Mom and I had a very pleasant discussion with Marjorie. It was quickly concluded that Marjorie would take me to New York City to go shopping for outfits and would pay for a “coach;” I saw a way to really suck this for everything that I could.

I don’t want to bore you with the details of pageant preparation but suffice it to say that once I got a complete pageant wardrobe from NYC more expensive than all the other clothes I had gotten my entire life, and my coach was a really hot woman who instilled more competitiveness in me than I had evidenced even in playing volleyball, I decided that I really wanted to win.

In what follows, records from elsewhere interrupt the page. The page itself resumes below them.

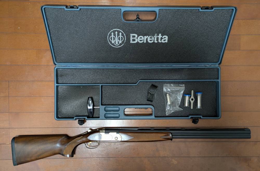 ベレッタの上下2連のスポーティング銃です。銃床が少し経年劣化していますが銃砲店で交換可能です。 私は特に気にせず使用していました。 軽くて良い銃だと思います。 所持許可証をお持ちであれば東京都内在住ですけれど来ていただければお見せすることも可能です。 チョークも5本あります。トラップ、スキート、狩猟全てに使用可能な便利な銃ですよ。
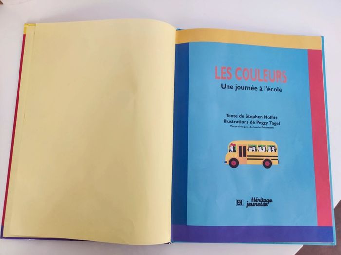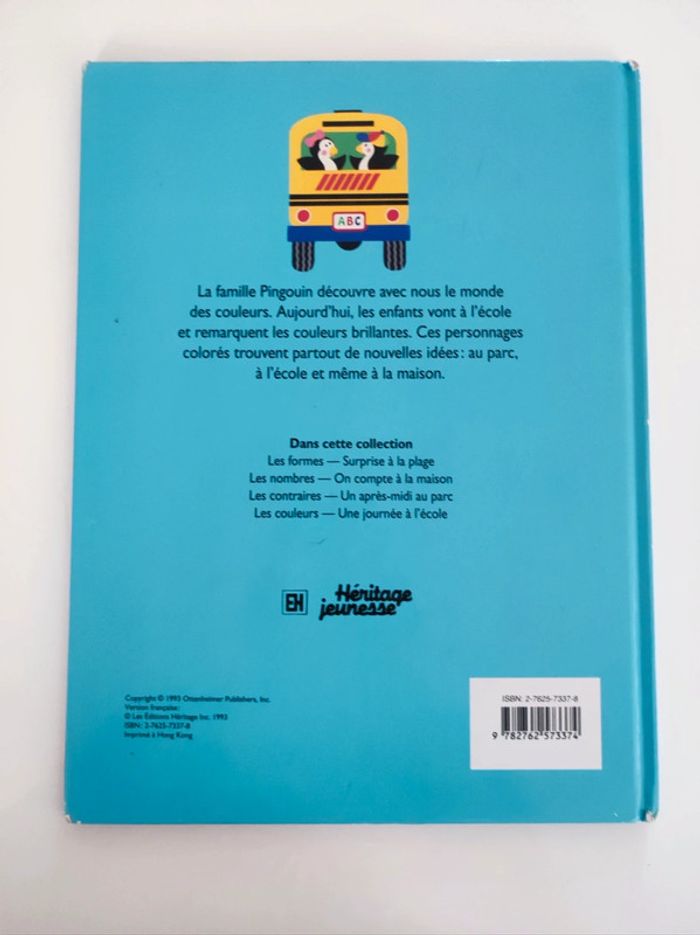 Livre enfant Les couleurs / une journée a l'école La famille pingouin Edition héritage EH / heritage jeunesse 1993 Imprimé a hong kong Format 23,5 x 31 cm Exterieur legeres imperfections sur les coins Intérieur impeccable / 16 pages couleurs Couverture rigide cartonnée Résumé : la famille pingouin découvre avec nous le monde des couleurs. Aujourd'hui les enfants vont a l'ecole et remarquent les couleurs brillantes. Ces personnages colorés trouvent partout de nouvelles idees : au parc, a l'école et même a la maison.
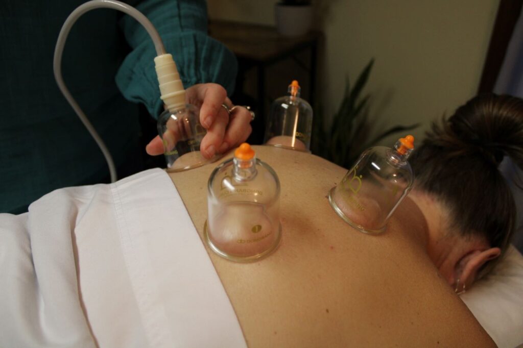 Use of vacuum-pump applied cups to enhance blood flow and move fascia to provide pain relief – may be placed statically or used in a gliding motion
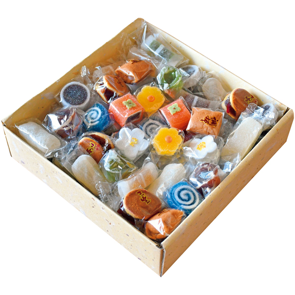 ●内容量:羽二重餅、羽衣羊羹、三笠、調布、羊羹結び、柿、なると巻、満月羊羹、梅ゼリー、水仙 計750g
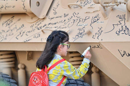 وتوسطت المدرعة ساحة المهرجان شمال الرياض ، وحلّق حولها الزوار وانطلقوا في رسائلهم العفوية ودعواتهم الصادقة بالنصر لجنود الوطن المرابطين على “خده” الجنوبي.
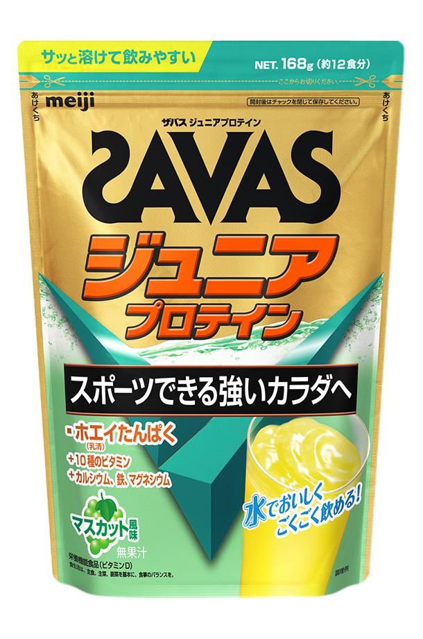 | ザバス ジュニア プロテイン マスカット風味は、スポーツジュニアが食事などで不足しがちな栄養素を理想的に補えるプロテインです。 スポーツできる強いカラダづくりと成長のために、たんぱく質は摂りたい成分の1つです。たんぱく原料として、高精製された純度の高い「ホエイプロテインアイソレート」を100%使用しています。 「10種のビタミン+カルシウム+鉄+マグネシウム」配合。食事・間食だけでは不足しがちな栄養素を理想的に補えるよう設計しています。 ※「ザバス ジュニアプロテイン」は、明治が実施したスポーツジュニアの食事調査結果に基づき、スポーツジュニアのカラダづくりに必要とされるビタミン、ミネラルを独自に設計して配合しています。 栄養機能食品(ビタミンD) ビタミンDは、腸管でのカルシウムの吸収を促進し、骨の形成を助ける栄養素です。 ※1日当たりの摂取目安量(28g)の栄養素等表示基準値(18歳以上、基準熱量2,200kcal)に占める割合:ビタミンD54% スポーツジュニアの風味調査を重ねて決定した、さわやかなマスカット風味です。運動後などすっきり飲みたいときに、水で溶かしておいしく召し上がれます。 アンチ・ドーピング認証「インフォームドチョイス」を取得。 |
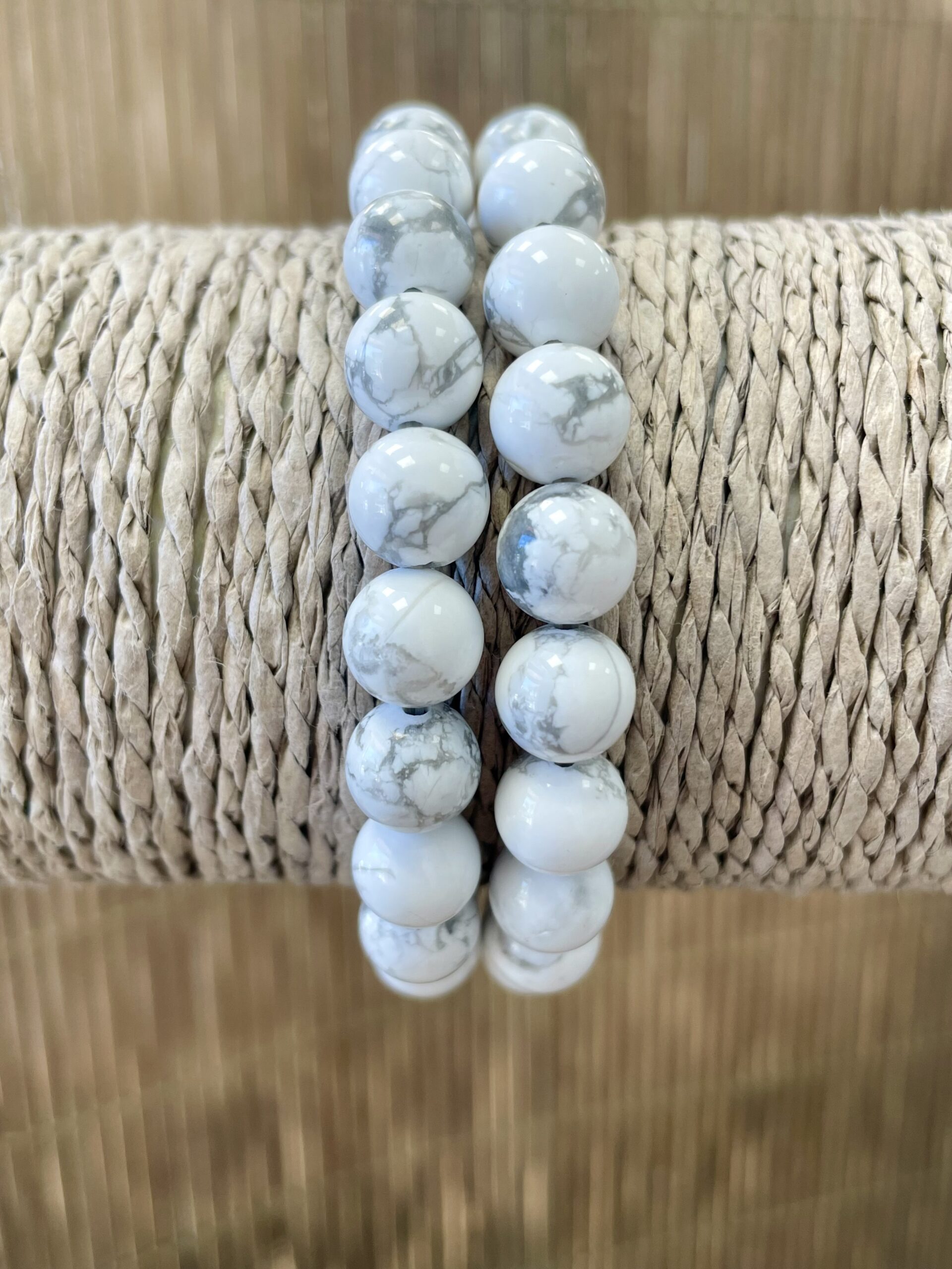 - Anti-stress naturel : La Howlite blanche est réputée pour calmer le mental, réduire l’anxiété et les tensions nerveuses. Elle aide à retrouver la sérénité, surtout en période de surmenage ou d’agitation émotionnelle. Porter ce bracelet au poignet permet de bénéficier de son énergie apaisante tout au long de la journée.

No brag, but I breezed through the Columbus area spectacle without serious competition. My baton twirling was by far the most polished talent in the pageant, I nailed the interview, I looked great in my NYC gown, and I ruled in general.

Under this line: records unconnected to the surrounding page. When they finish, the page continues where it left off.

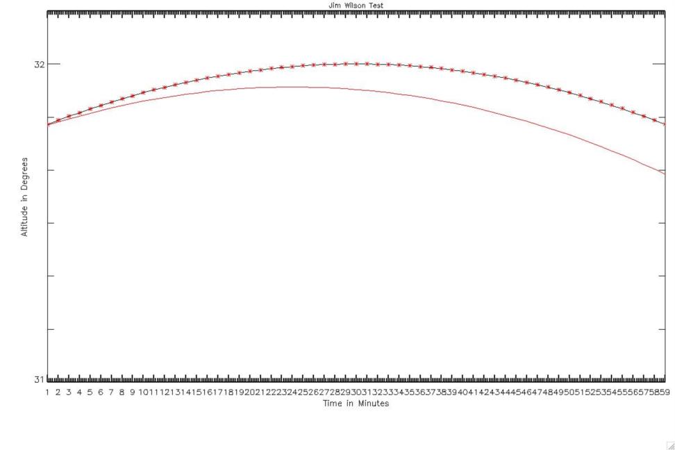 Sorry, somehow the attachment didn't get attached. Hope it is now. The red curve is from a vessel sailing north at 10 knts. The red stars show data from the moving vessel corrected to what would be observed from a stationary vessel (the black line). The excellent agreement with the exact black H-curve is quite impressive. --John --~--~---------~--~----~------------~-------~--~----~ Navigation List archive: www.navlist.net To post, email NavList@navlist.net To , email NavList-@navlist.net -~----------~----~----~----~------~----~------~--~---
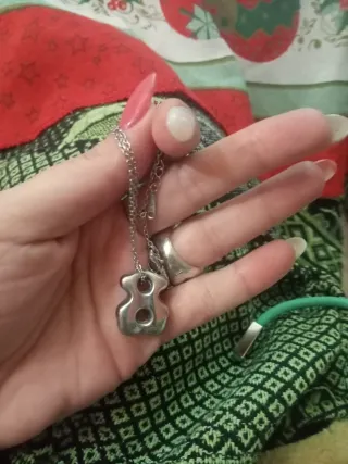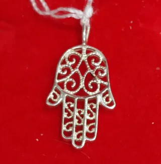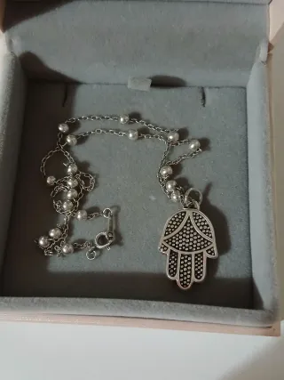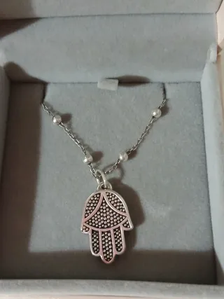 Usado 2 veces. Elegante collar con colgante de la Mano de Fátima. - Material: Plata de ley. - Diseño detallado con pequeños puntos. - Cadena fina con cuentas. No envio. Entrego en mano en Humanes de Madrid.
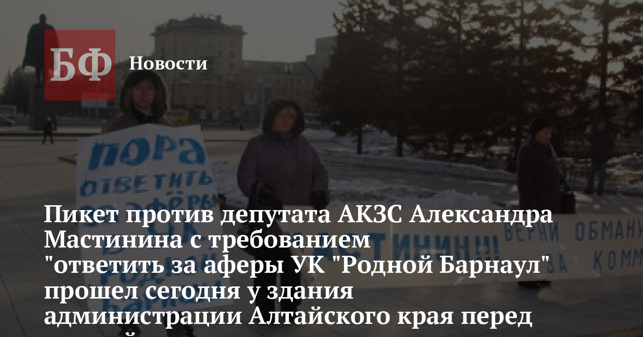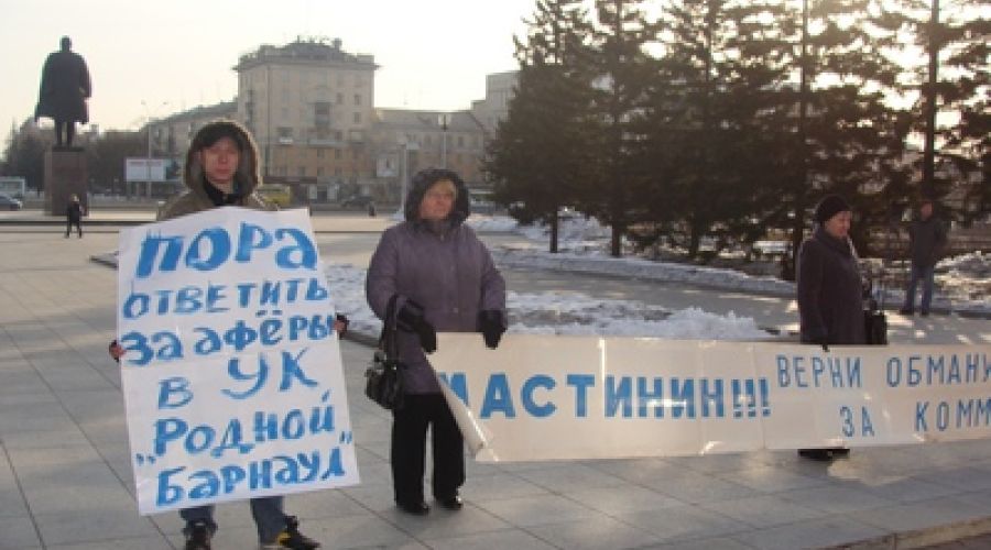 Плакаты пикетчиков гласили: «Мастинин, верни обманутым деньги за комуслуги», «Пора ответить за аферы УК «Родной Барнаул», «Мастинину импичмент барнаульцев».

When I went on to the state competition after my Columbus area win was when my life took a turn.

It was clear from the start of the state pageant that my main competition was Brittany Compton from the Cleveland area, and Shirley Preston from the Cincinnati area. Although we all grew and matured as we got older our relative heights, coloring, and body types were set as of that time. I was tall with brunette hair and brown eyes; Brit was medium height with blond hair and blue eyes. Shirley was short with red hair and green eyes. I had an athlete’s build; Brit a dancer’s build; and Shirley a nymph’s build.

While we had to “play nice” in public, it was clear from the first few minutes that we interacted that we didn’t like each other. All three of us were set upon winning the competition and we weren’t going to let some other prima donna ace us out. Catty things were said, nasty things were done, attempts at sabotage of clothing or makeup were made, and in general we acted like feral cats toward each other. We developed unoriginal, but accurate, nicknames for each other. They called me BB (big bitch), Shirley and I called Brit PB (pedestrian bitch) and Brit and I called Shirley LB (little bitch).

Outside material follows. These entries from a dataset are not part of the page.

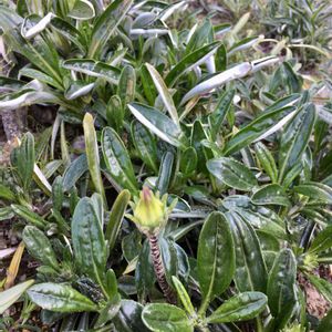 ベニハナトキワマンサクの垣根。 、、、と思っていたら、端っこ一本だけ白い花。少し黄緑色がかってる。
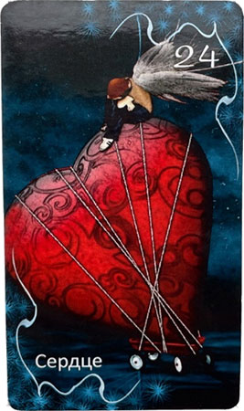 На карте мы видим большое алое сердце, но оно перевязано крепкой веревкой, и на самом верху сидит маленький мальчик с крыльями. Сердце – символ любви и нежности, добрых чувств, позитивных эмоций.
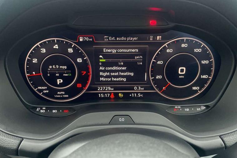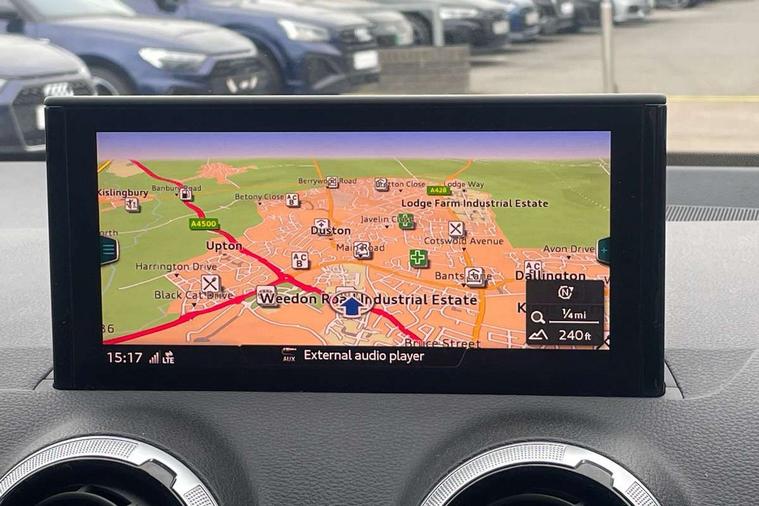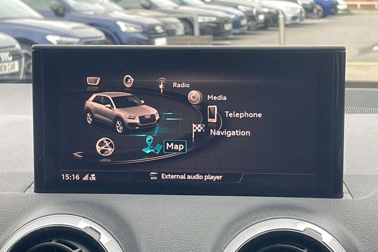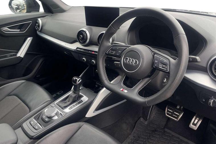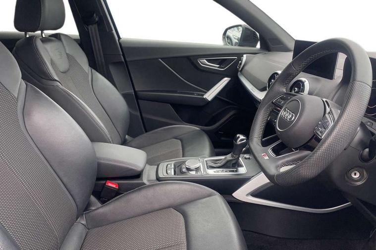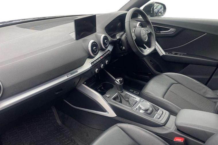 3D map display, Audi connect navigation and infotainment includes innovative services, Audi connect remote and control connects your vehicle to your smartphone, Audi drive select: S tronic - power steering assistance + engine + gearshift (modes: comfort, auto, dynamic, efficiency, individual), Audi smartphone interface - Apple carplay/Android Auto, USB connect, 2xSDXC card readers, voice control for navi, telephone, music and 3rd party apps, Audi virtual cockpit, Automatic start/stop system with recuperation, Bluetooth interface includes bluetooth audio streaming, Cruise control, E-call, Jukebox hard drive memory for music (10GB), MMI navigation plus with 8.3" colour MMI screen and MMI touch, Natural voice recognition, Power operated tailgate, Progressive steering, Rear parking sensors, Sport suspension, 6 passive loudspeakers, DAB Digital radio, Audi beam, Auto dimming rear view mirror, Black window trims, Bumper in full body colour paint finish, Electrically adjustable, folding, auto dimming and heated door mirrors with integrated LED side indicators, Front windscreen with grey tinted sunband, LED daytime running lights, LED headlights with dipped beam, high beam, position lights, indicators, LED rear lights, LED third brake light, Privacy glass - dark tinted rear and rear side windows from B-pillar backwards, Rear side wing doors, Rear wiper, Variable front intermittent wipers, Wheel arch trims in manhattan grey, 12v socket in front, 3 seat bench in 2nd row, 3 spoke flat bottomed multi-function leather sport steering wheel with gear shift paddles, 4-way electric lumbar support for front seats including manual seat height adjustment for both front seats, 60/40 split folding rear seat bench, Black carpets, Black cloth headlining, Front and rear head restraints, Front centre armrest, Front sport seats, Front/rear floor mats, Height/reach adjust steering wheel, Illuminated door sill trims with S logo, ISOFIX child seat mounting in front passenger and rear outer seats, Manual air conditioning, Single front passenger seat, Stainless steel pedals, Tool kit, Black styling pack - Q2, 3x3 point rear seatbelts, 6 airbags - Front, curtain and front side airbags, Electromechanical parking brake, Electronic stabilisation control including ABS, ASR and EDL, Front passenger airbag deactivation, Hill hold assist, Pre-sense front with pedestrian recognition, Seatbelt monitoring, Tyre pressure warning light with visual and acoustic warning, Warning triangle and first aid kit, Anti theft alarm, Anti theft wheel bolts, Electronically operated child locks, Remote central door locking, Aluminium interior element, Black dashboard, Matt brushed aluminium trim inlays,
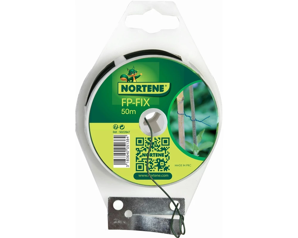 Műanyaggal bevont drótkötöző. Igazodik a növények, fák méretéhez. Könnyű vele dolgozni, mivel össze van tekercselve és vágórendszert is tartalmaz. Anyaga: Műanyaggal bevont drót. színe: zöld, 25 és 50 méteres tekercsben kapható.
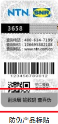 在產品內包裝上僅貼有新防偽標貼,用戶可通過標貼的全息影像技術、微型文字及手機專用APP(NTN Authenti Bear)讀取防偽二維碼進行產品身份查。
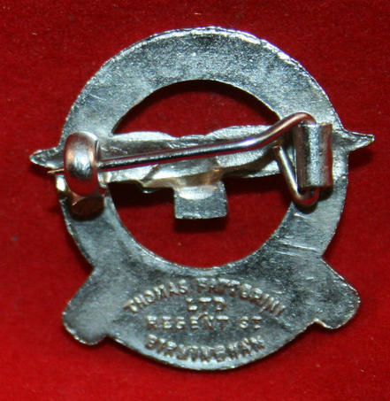 RAF, Royal Air Force pin. Circle banner with Flying Eagle inside and words R.A.F. COMFORTS COMMITTEE on it and bottom banner with words, VOLUNTARY WORKER on it. 24MM X 24MM. All banners backed in blue enamel. Pin back fastener. Maker marked, THOMAS FATTORINI/LTD/REGENT ST/BIRMINGHAM

The most rewarding experience of my life up until that time was when I won Junior Miss Ohio with LB as first runner-up and PB as second runner-up. The sobs coming from PB and LB in the dressing room after I was crowned were music to my ears.

Both Marjorie and mom were thrilled by my victory and the scholarship I won was not insubstantial. It was a good time.

During the national pageant there were many more qualified contestants than at the state level and there were no frontrunners that I had a visceral antagonistic reaction to. As a result I didn’t have the same level of competitiveness that PB and LB brought out in me; plus some of the talents exhibited I had to grudgingly admit were beyond my experience or expectations so I didn’t win the national competition. However, I was in the final five which garnered me another decent scholarship and Marjorie and mom were satisfied with that.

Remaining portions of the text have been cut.